The mandatory e-file provisions of the Act are effective for taxable years beginning after July 1, 2019, but the IRS may delay application of the Act for up to two years for small organizations (those with annual receipts of less than $200,000 and assets of less than $500,000) and certain other organizations if immediate application of the Act would cause an undue burden, as well as for Form 990-T filers.
Currently, tax forms may be filed electronically using an authorized e-file provider, and large organizations may be authorized to file their own electronic returns. We expect e-file options to be updated soon in light of the new requirements.
The mandatory electronic filing requirement will enable the IRS to make annual exempt-organization returns available to the pubic in machine readable (i.e., computerized) format. Indeed, the Act requires that the IRS make all such returns available to the public in machine readable format as soon as practicable.
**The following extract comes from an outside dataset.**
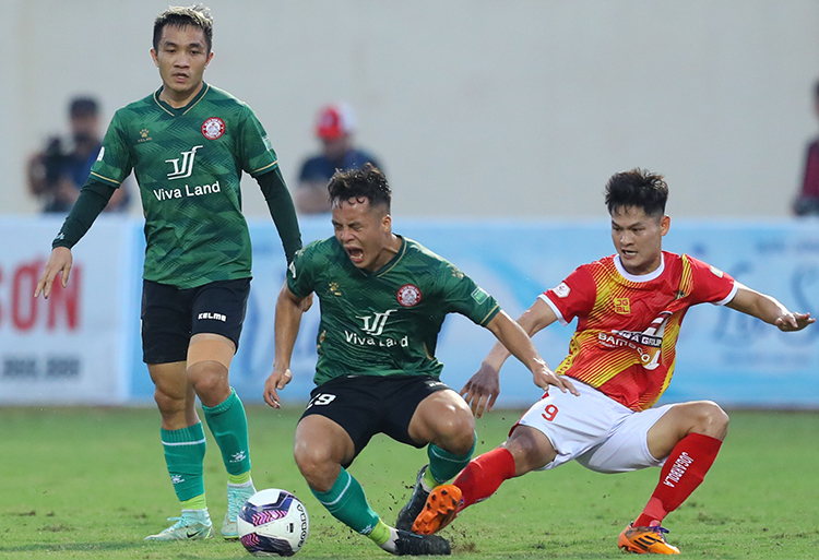 Ở hiệp một, đoàn quân của ông Vũ Tiến Thành đã có thời điểm đẩy đội chủ nhà lùi về 1/3 sân nhà để phòng phòng ngự. Trong thế trận áp đảo ấy, TP.HCM đã tạo được những cơ hội ăn bàn trông thấy.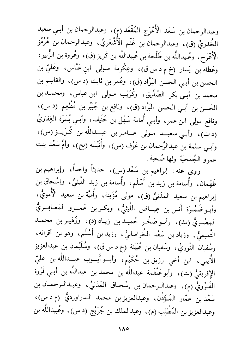 وعبد الرحمن بْن سعد الأعرج المقعد (م) ، وعبد الرحمن بْن أَبي سَعِيد الخُدْرِيّ (ق) ، وعبد الرحمن بْن غنم الأشعري، وعبد الرحمن بن هرمز الأعرج، وعُبَيد الله بن طلحة بْن عُبَيد الله بْن كريز (ق) ، وعروة بْن الزبير، وعطاء بْن يسار (خ م د س ق) ، وعكرمة مولى ابْن عباس، وعلي بن الحسن بن أَبي الحسن البراد (ق) ، وعُمَر بن ثابت (د س) ، والقاسم بْن مُحَمَّد بْن أَبي بكر الصديق، وكريب مولى ابن عباس، ومحمد بْن الْحَسَن بْن أَبي الحسن البراد (ق) ، ونافع بن جبير بْن مطعم (د س) ، ونافع مولى ابْن عُمَر، وأبي أمامة سهل بن حنيف، وأبي بسرة الغفاري (د ت) ، وأبي سَعِيد مولى عامر بن عَبد الله بن كريز (س) ، وأبي سلمة بْن عَبْد الرحمن بْن عوف (س) ، وأنيسه (بخ) ، وأم سعد بنت عَمْرو الجمحية ولها صحبة.

- Notice of Impending Revocation of Exempt Status: If a tax-exempt organization fails to file a required annual return or notice for three consecutive years, such organization’s tax exemption is considered revoked as of the due date of the third annual return or notice. The IRS maintains a public list of organizations whose exempt status has been so revoked but, prior to the Act, the IRS did not notify organizations in advance that they were at risk of such revocation. Now, under the Act, the IRS must (a) notify any organization if the IRS has not received an annual return from such organization for two consecutive years; (b) inform the organization that its exemption will be automatically revoked after three years of non-filing; and (c) provide the organization with information about how to comply with the annual filing requirements. The new notice provision should be welcome news for nonprofits, as it will help to ensure that organizations are aware of the annual filing obligations, alert them to any delinquent filings, and afford them the opportunity to come into compliance before automatically losing their tax-exempt status.
Nonprofits should work closely with their legal and accounting advisors to comply with the new e-filing requirements and ensure that required filings are submitted on a timely basis to avoid jeopardizing their tax-exempt status.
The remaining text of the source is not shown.